Adicionalmente, a Comissão de Valores Mobiliários – CVM publicou o Ofício Circular nº 04/2020 de 1º de dezembro de 2020, com orientação quanto a aspectos relevantes do CPC 47 e do CPC 48 (equivalentes às IFRS 15 e IFRS 9, respectivamente) para as companhias transmissoras de energia elétrica de capital aberto. Assim, a Companhia adequou suas práticas contábeis em relação aos seus ativos de contrato, revisando suas estimativas e identificou os seguintes impactos, líquidos de impostos: (i) R$ 124,9 MM para o exercício de 2020, registrados no resultado do exercício; e (ii) R$ 63.5 MM para exercícios anteriores, registrados na conta de reserva especial no Patrimônio Líquido.

Impactos da mudança contábil do CPC-47 registrados até o momento:

O ajuste gerado pela adoção do CPC 47 a partir de 1º de janeiro de 2018:

(i) Para o saldo inicial (de partida) do Ativo Contratual em 1º de janeiro de 2018, o ajuste foi lançado na conta de reserva especial do exercício de 2018 (Patrimônio Líquido), no montante de R$113.399.544,45, referentes a exercícios anteriores;

(ii) Para Exercício Social de 2018, o ajuste foi lançado nas Demonstrações de Resultados no montante de R$ 116.924.085,17 e destinado para a conta reserva especial ao término do exercício, líquido dos 5% que ficaram retidos como reserva legal;

(iii) Para Exercício Social de 2019, o ajuste foi lançado nas Demonstrações de Resultados no montante de R$ 291.323.518,24 e destinado para a conta reserva especial ao término do exercício, líquido dos 5% que ficaram retidos como reserva legal.

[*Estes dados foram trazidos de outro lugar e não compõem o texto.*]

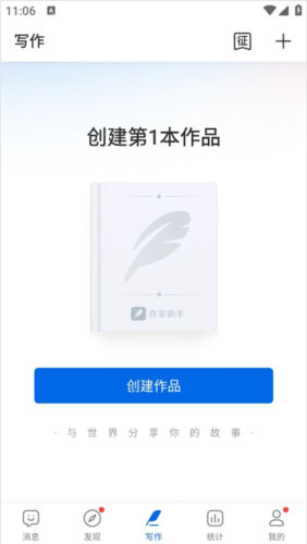 1、在写作”页面点击创建作品”按钮;

(iv) Para o Exercício Social de 2020, o ajuste foi lançado nas Demonstrações de Resultados no montante de R$ 631.469.547,58 (incluso o montante de R$ 124.947.792,20 relacionado ao OFÍCIO-CIRCULAR/CVM/SNC/SEP/nº04/2020) que foi destinado para a conta reserva especial ao término do exercício. Além disso, o montante de R$ 63.583.002,83 relacionado também ao OFÍCIO-CIRCULAR/CVM/SNC/SEP/nº 04/2020 para os exercícios anteriores foi registrado na conta de reserva especial, no patrimônio líquido de 2020. É importante ressaltar que para o ano de 2020, a reserva legal (5%) não foi constituída com base no art. 193 parágrafo 1º da Lei das S.A. que diz que a Companhia poderá deixar de constituir a reserva legal no exercício quando o saldo dessa reserva, acrescido do montante das reservas de capital de que trata o § 1º do artigo 182, exceder de 30% do capital social.

Os ajustes acima mencionados somam R$ 1.216.699.698,28, sendo R$ 1.196.287.318,11 contabilizados como Reserva Especial e R$ 20.412.380,17 como Reserva Legal (5%). É importante ressaltar que os efeitos relativos à adoção do CPC 47 são excluídos do lucro líquido distribuível e durante o exercício são contabilizados na conta de Lucros Acumulados, sendo destinados para as contas de Reserva Especial e Reserva Legal ao final do exercício social.